Stavo andando nella direzione opposta a quella giusta. 
L’umiliazione era appena iniziata. 
“A Messina non c’è la facoltà di architettura. Si trova in un’altra città e per andarci devi prendere un traghetto, caro Tom. Se davvero questo è il tuo nome. Io scendo qui.” 
Scese dall’autobus. La inseguii. 
Avevo fatto la figura del fanfarone che si voleva dare arie, di quello che inventava storie per far colpo sulle ragazze. 
La fermai sul marciapiede toccandole un braccio, si voltò guardandomi contrariata da quel gesto confidenziale. Provai a giustificarmi dicendole la verità su come avessi preso il numero di autobus esatto, ma dal lato sbagliato della strada, sul fatto che stavo andando a informarmi e che non sapevo neppure dove fosse l’università. Le mostrai perfino la carta d’identità per provare la mia età e come mi chiamassi.
“Tom, ti credo, lascia stare. Si vede che sei un bravo ragazzo. Vuoi venire a prendere un caffè?”
“A casa tua?” Mi mostrai intraprendente ricordandole l’invito fattomi in precedenza.
“Non perdi tempo.”
“Io? Veramente me lo hai proposto tu, sull’autobus.”
“Scherzo! Vieni. Abbiamo parlato già troppo per i miei gusti. Seguimi.” 
Si voltò e iniziò a camminare svelta davanti a me, dondolando sui tacchi alti.
Vederla camminare era paradisiaco: il suo corpo era il quadro della perfezione fisica, dell’armonia delle proporzioni, un dono che madre natura dà a poche donne privilegiate.
Non osai chiedere perché la dovessi seguire e non potevo camminarle accanto. 
Faceva tutto parte del copione che stavamo recitando? Eravamo attori? 
Non lo so, ma mi piaceva il ruolo che mi aveva affidato.
Entrò in una palazzina, salì le scale fino al primo piano e aprì uno dei due portoni che si affacciavano sul pianerottolo. Nessuna targa indicava il cognome, mi lasciò entrare e richiuse la porta dietro di me. 
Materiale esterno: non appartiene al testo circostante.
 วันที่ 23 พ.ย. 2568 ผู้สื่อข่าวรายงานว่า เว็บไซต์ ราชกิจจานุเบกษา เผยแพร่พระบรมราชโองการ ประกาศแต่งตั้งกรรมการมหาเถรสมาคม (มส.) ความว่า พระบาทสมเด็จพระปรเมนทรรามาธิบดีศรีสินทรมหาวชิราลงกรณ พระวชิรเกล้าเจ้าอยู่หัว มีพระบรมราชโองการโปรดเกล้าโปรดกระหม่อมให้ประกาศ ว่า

Non ci furono preliminari, non riuscii neppure a fare un passo in avanti. M’inchiodò al portone spingendomi con il suo corpo. I suoi occhi erano fissi nei miei. Le sue mani mi spogliarono, mi accarezzarono tra le gambe e trovarono quello che stavano cercando. 
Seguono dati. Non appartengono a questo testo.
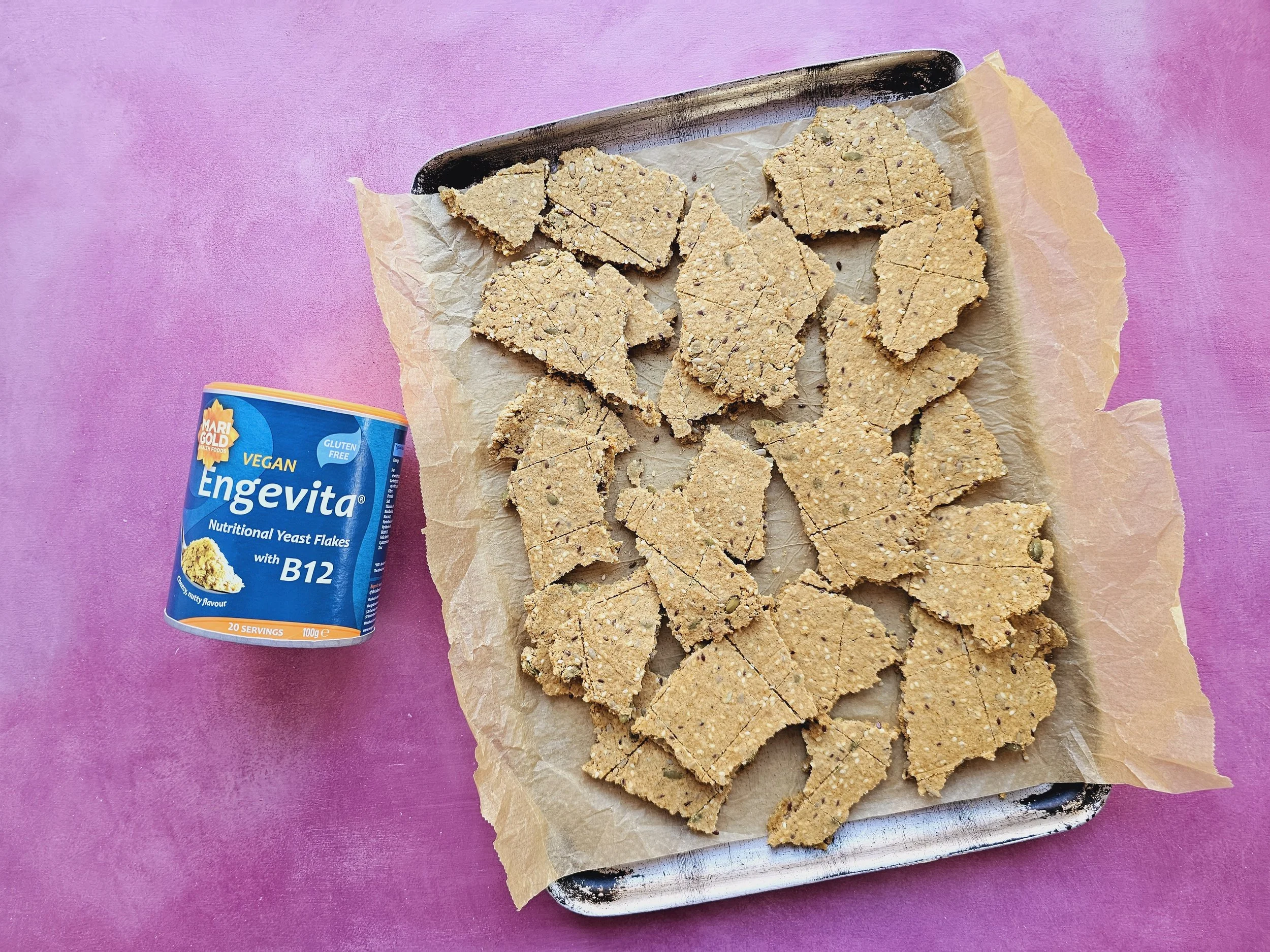 Here’s a tasty, crunchy nooch crispbread recipe — savoury, cheezy, and perfect for snacking or dipping.
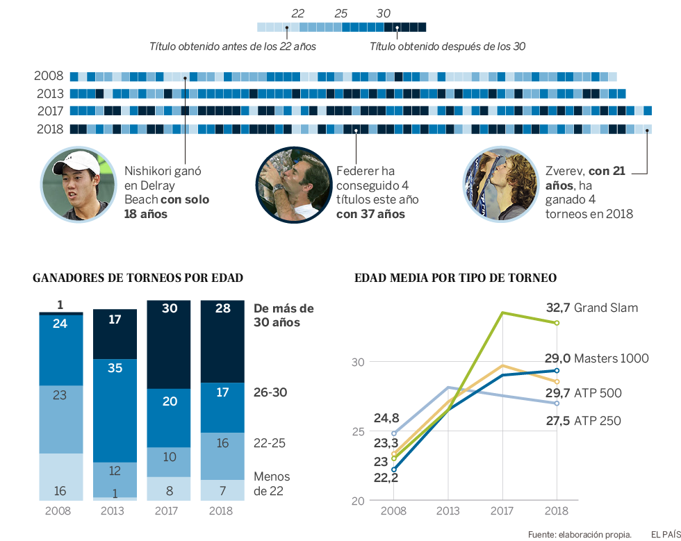 En la última década, la edad de los ganadores en torneos del circuito ATP se ha disparado. En 2008 la media de edad de todos los ganadores era de poco más de 23 años, mientras que en 2018 la cifra se ha acercado a los 30 años (29,4). En cifras absolutas, hace una década solo un tenista mayor de 30 años ganó un título ATP, mientras que en este año, 28 torneos han sido ganados por tenistas que superan la treintena.

Volevo spogliarla, me lo impedì. Mise le braccia attorno al mio collo e con un balzo me la trovai a cavalcioni. Dovetti sostenerla con due mani per non cadere entrambi sul pavimento. 
Nessuno dei due parlò, solo gemiti soffocati. Appena finì, si allontanò lasciandomi senza forze, appoggiato al portone. 
Si accese una sigaretta. “Puoi andare. Se ti va ci vediamo domani pomeriggio. Alle 5, qui da me.”
Avevo passato il test di ammissione. Ero stato scelto.
“È stato bello, ma non so se posso venire domani. Non ho ancora la patente e il pullman per tornare in paese, talvolta, in estate, salta qualche corsa.” Mi sentivo un ragazzino mortificato. Pensavo non avrebbe voluto più vedermi.
“Paese? Ma di dove sei?” Rise, non mi lasciò rispondere e continuò. “Meglio così. Vengo io aprenderti.” 
Mio fratello non avrebbe mai creduto a quella storia e non ci avrei creduto nemmeno io se non avessi frequentato Greta per due mesi, facendole 45 telefonate, presentandomi a 50 appuntamenti e assommando 104 rapporti sessuali.
Quello che sapevo di lei era che aveva venticinque anni, almeno così mi disse, che vestiva bene e si spogliava ancora meglio. 
Quando le ponevo domande personali, si limitava a cambiare argomento per non rispondere.